• [What needs to be done] The listing below should be printed again word for word, without any images.

• [Data excerpt]
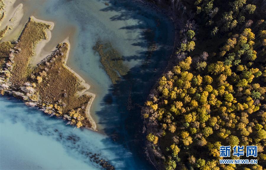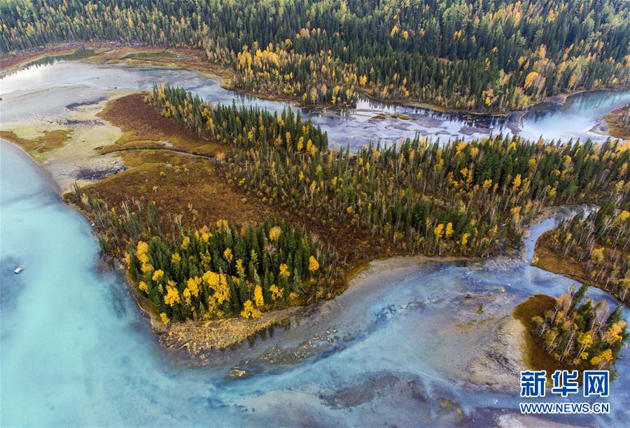 9月25日無(wú)人機(jī)拍攝的喀納斯景區(qū)風(fēng)光。新華社記者王菲攝
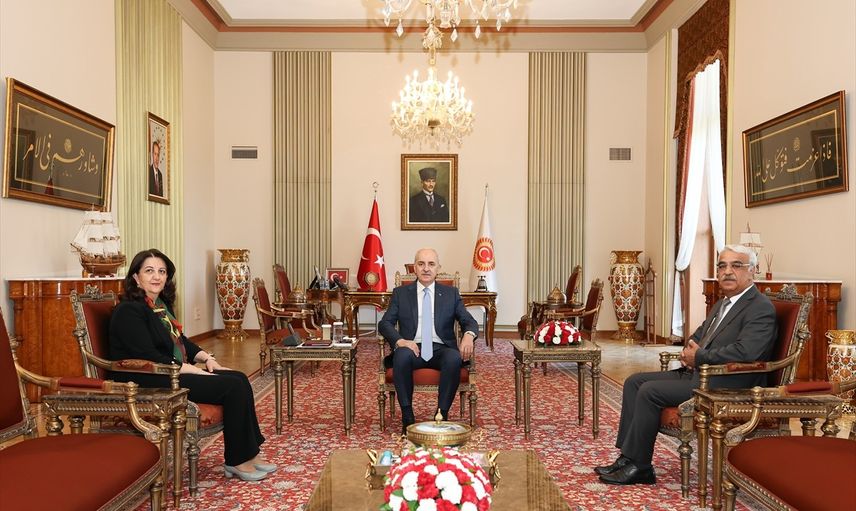 TBMM Başkanı Numan Kurtulmuş (ortada), DEM Parti'li Pervin Buldan (solda) ve Mithat Sancar'ı (sağda) kabul etti.
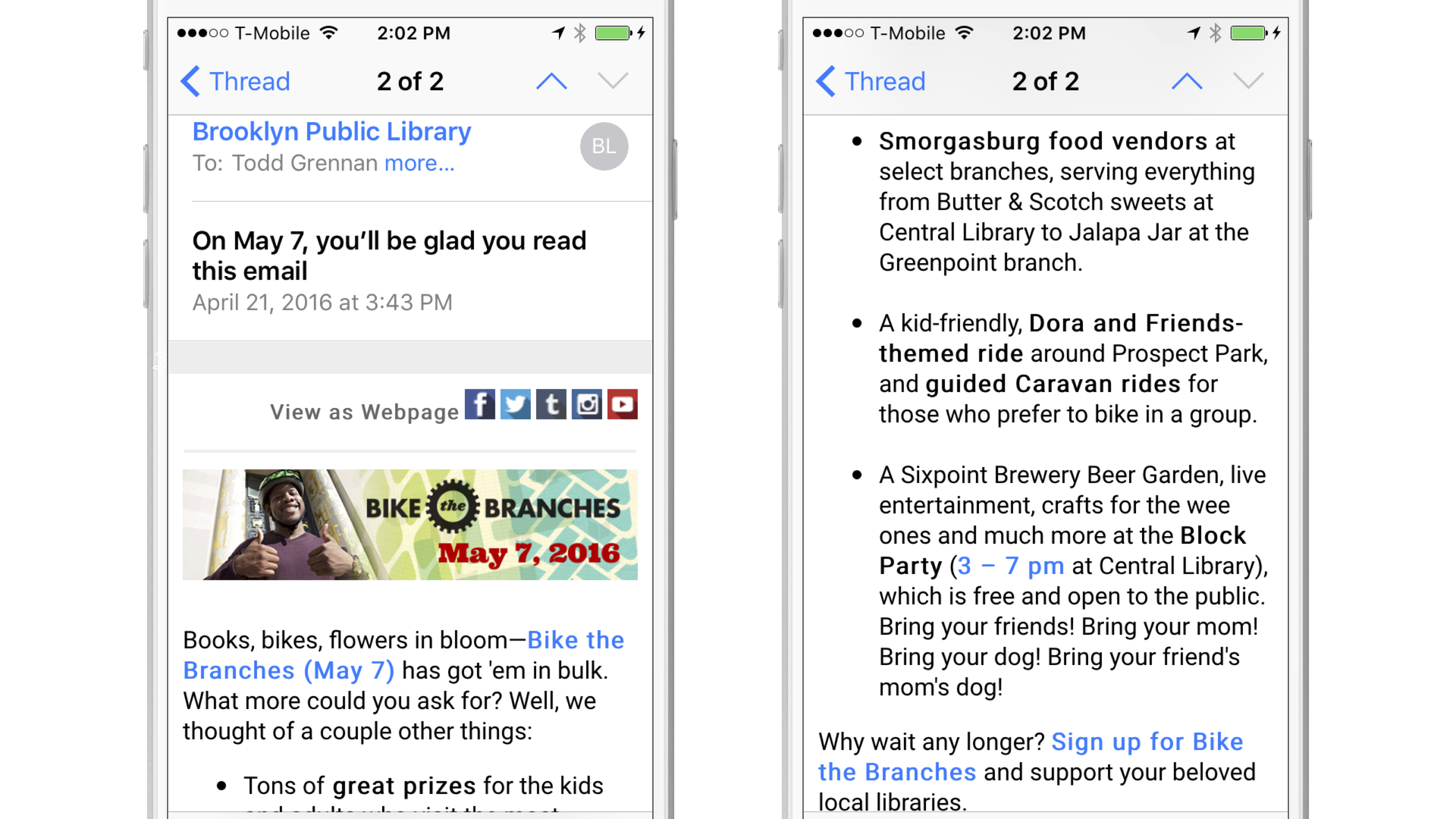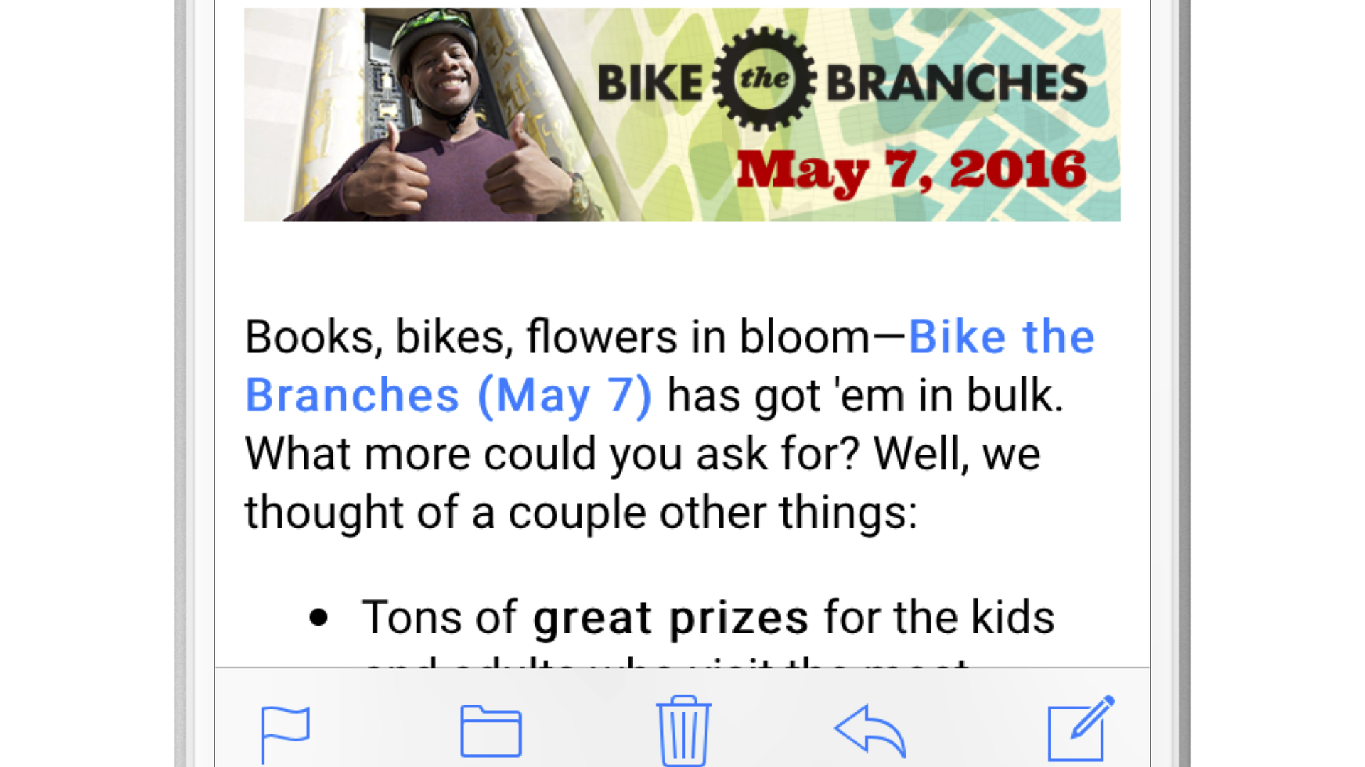When you open this email, you’re immediately greeted with an image that encapsulates the content of the message to come. A person wearing a bike helmet, to highlight the fact that the email is aimed at bicyclists. The Brooklyn Public Library’s iconic doors. The name of the event. The date it’s happening. And one very enthusiastic model.

• [Solved problem]
 9月25日無(wú)人機(jī)拍攝的喀納斯景區(qū)風(fēng)光。新華社記者王菲攝
 TBMM Başkanı Numan Kurtulmuş (ortada), DEM Parti'li Pervin Buldan (solda) ve Mithat Sancar'ı (sağda) kabul etti.
When you open this email, you’re immediately greeted with an image that encapsulates the content of the message to come. A person wearing a bike helmet, to highlight the fact that the email is aimed at bicyclists. The Brooklyn Public Library’s iconic doors. The name of the event. The date it’s happening. And one very enthusiastic model.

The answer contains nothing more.